Note – For those unfamiliar with Weiss, they are perhaps one of the more critical rating agencies, but their tough standards have been validated time and again as the more recognized entities have missed such debacles as Kemper Insurance’s sudden demise.
The Global Medical Forum held their 2004 US Summit in Washington DC last week, focusing on the different systems’ approaches to health technology. Building on the 2003 Summit’s focus on Pharmaceuticals, the presentations provided compelling insights into the ways technology is reviewed, adopted, and reimbursed in the EU.

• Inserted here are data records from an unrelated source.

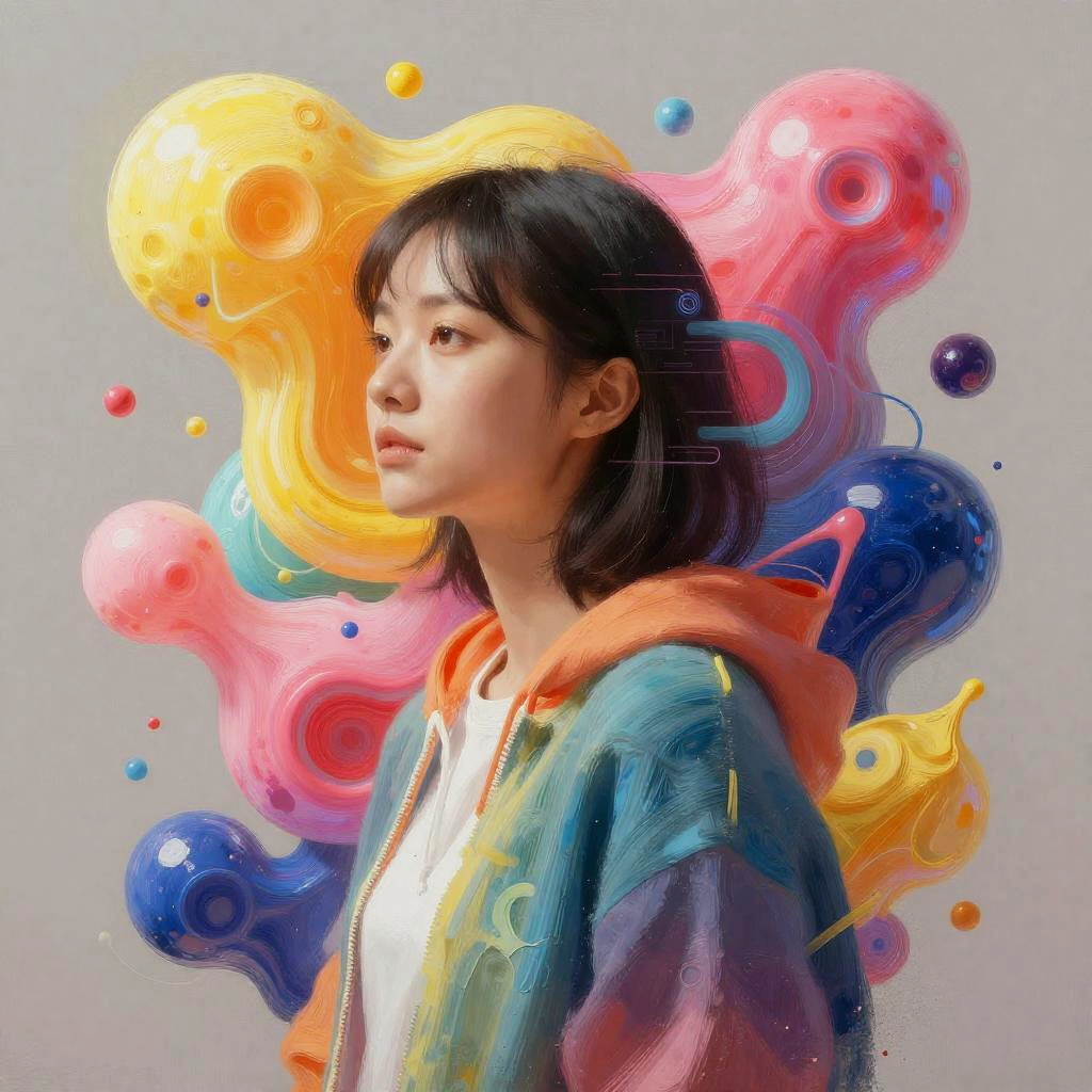 AI art generator from image free, transforming a simple photo into vibrant surreal artwork, filled with bright colors and dreamlike abstract shapes, blending technology and creativity, digital brush strokes with futuristic aura, high resolution.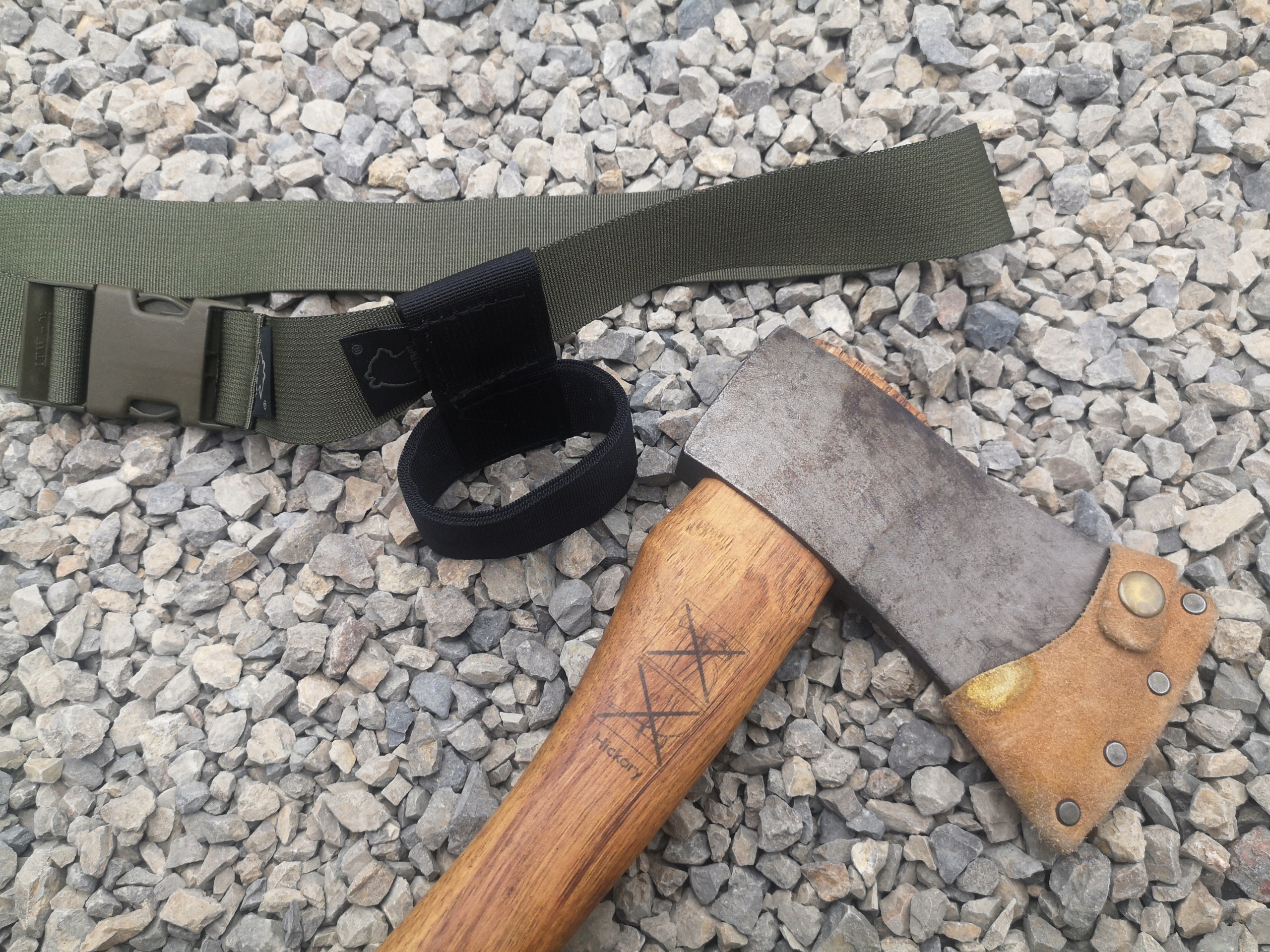 Ручка Siekierka - це корисний елемент обладнання під час табірних робіт або під час підготовки деревини до палива. Завдяки цьому, у нас завжди є інструмент, і нам не потрібно ставити його на землю, де він може легко загубитися. Сигна петля стрічки має потрібний діаметр, завдяки якому ковзання вала зручна, але непотрібної слабкості немає. 40 -мм шириною кріплення забезпечує зручне кріплення та видалення з пояса. Вся виготовлена з поліамідної стрічки гарантує надійність роками.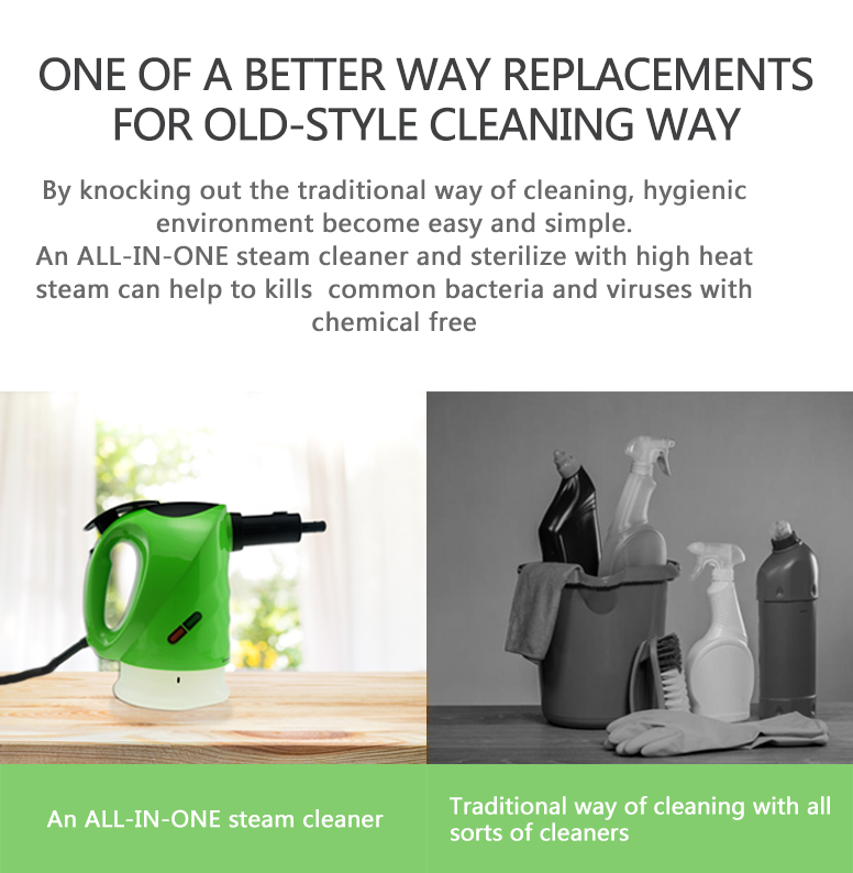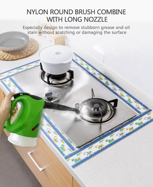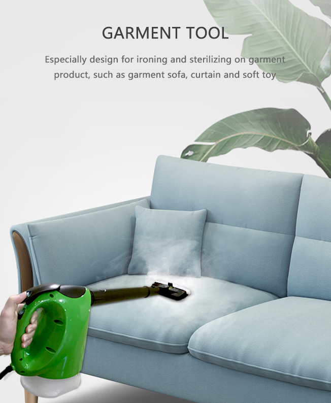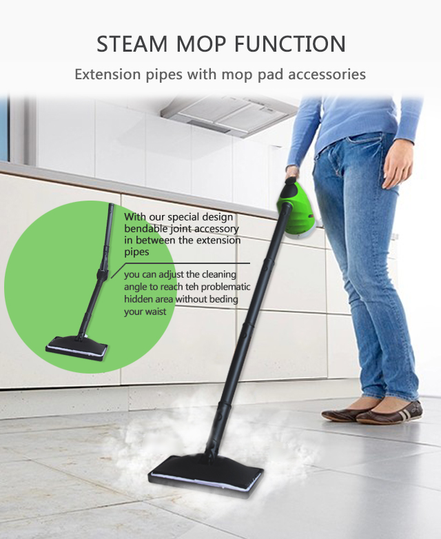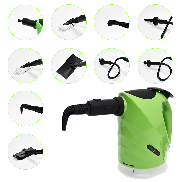 1pc of 450ml water tank, 1pc of round nylon brush, 1pc of bent nozzle, 1pc of long steam nozzle, 1pc of garment tool, 1pc of window squeege, 1pc of 100cm soft pipe, 1pc of cleaning cloth, 1pc of mop head, 3pcs of extension pipe, 1pc of 320g mop cloth and 1pc of carpet glider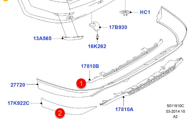 In Variante (1) bleibt die untere Spoilerlippe der Heckschürze erhallten und es wird nur die mittlere Blende gegen eine mit zwei "Wölbungen" ausgetauscht: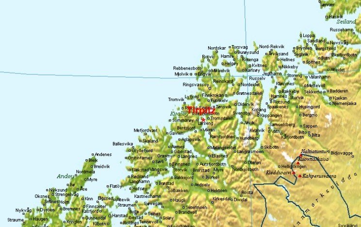 Location of the wreck of Tirpitz (68.39N - 18.49E).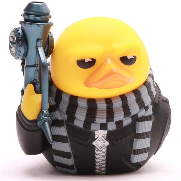 Hier kommt der ultimative Bösewicht im Badeenten-Format: die Minions Badeente Gru. Mit seinem typischen finsteren Blick, der schwarzen Lederjacke und dem markanten Schal sieht dieses Quietscheentchen genauso aus wie der Meister der Schurken selbst. Sogar die unvermeidliche Hightech-Waffe hat er dabei – schließlich weiß man nie, wann das nächste Chaos ausbricht, ob im Wohnzimmer oder in der Badewanne.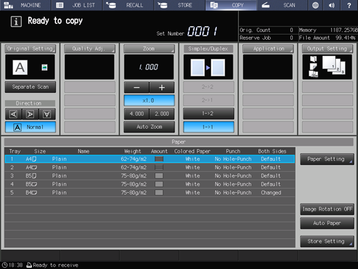 Turn on the main power switch and sub power switch for two machines connected to use the tandem mode, and then display the Copy Screen for each.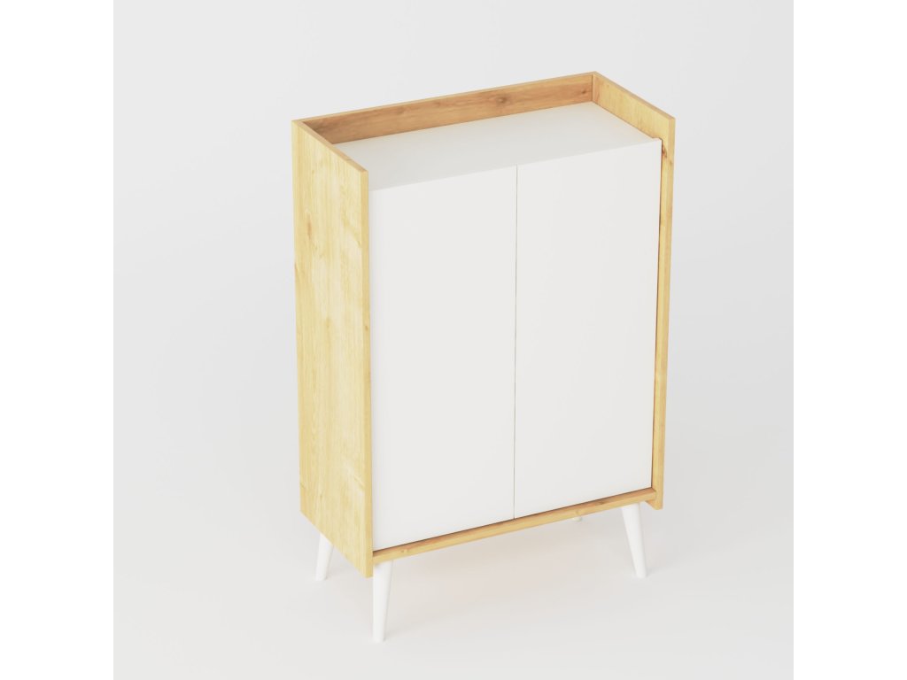 Je vyroben z 18 mm silných desek pokrytých 100 % melaminem v dekoru dub a v bílé barvě.

Some of the more intriguing points included:
—the evaluation process tends to be much longer in the EU than in the US, and involves stakeholders from the patient, provider, hospital, and governmental communities
—in Germany, this process includes consideration of appropriate reimbursement amounts (contrast this w the US “we approve, you pay” methodology)
—cost-effectiveness is absolutely a consideration when reviewing new technology for possible reimbursement
—in Germany, only 20% of new health care technology applications are accepted..
I left with several other impressions and “take-aways”. First, the EU relies, to a surprising degree, on US health care data when evaluating their own situation or projecting into the future. Second, the evaluation of the cost-effectiveness of a specific technology makes a lot of sense, and is done rather well by the Germans. Third, in Great Britain’s much-maligned National Health System, there is surprising (at least to me) willingness to consider new technology, and to pay for expensive evaluations of same.
We can learn quite a bit from our colleagues in the EU. Health care systems in the EU tend to deliver excellent care for a lot less money than we do here in the US.
Paradoxically, I heard from several European experts that they see real value in some of the components and attributes of our system. For example, we are much better at collecting, analyzing, and using data.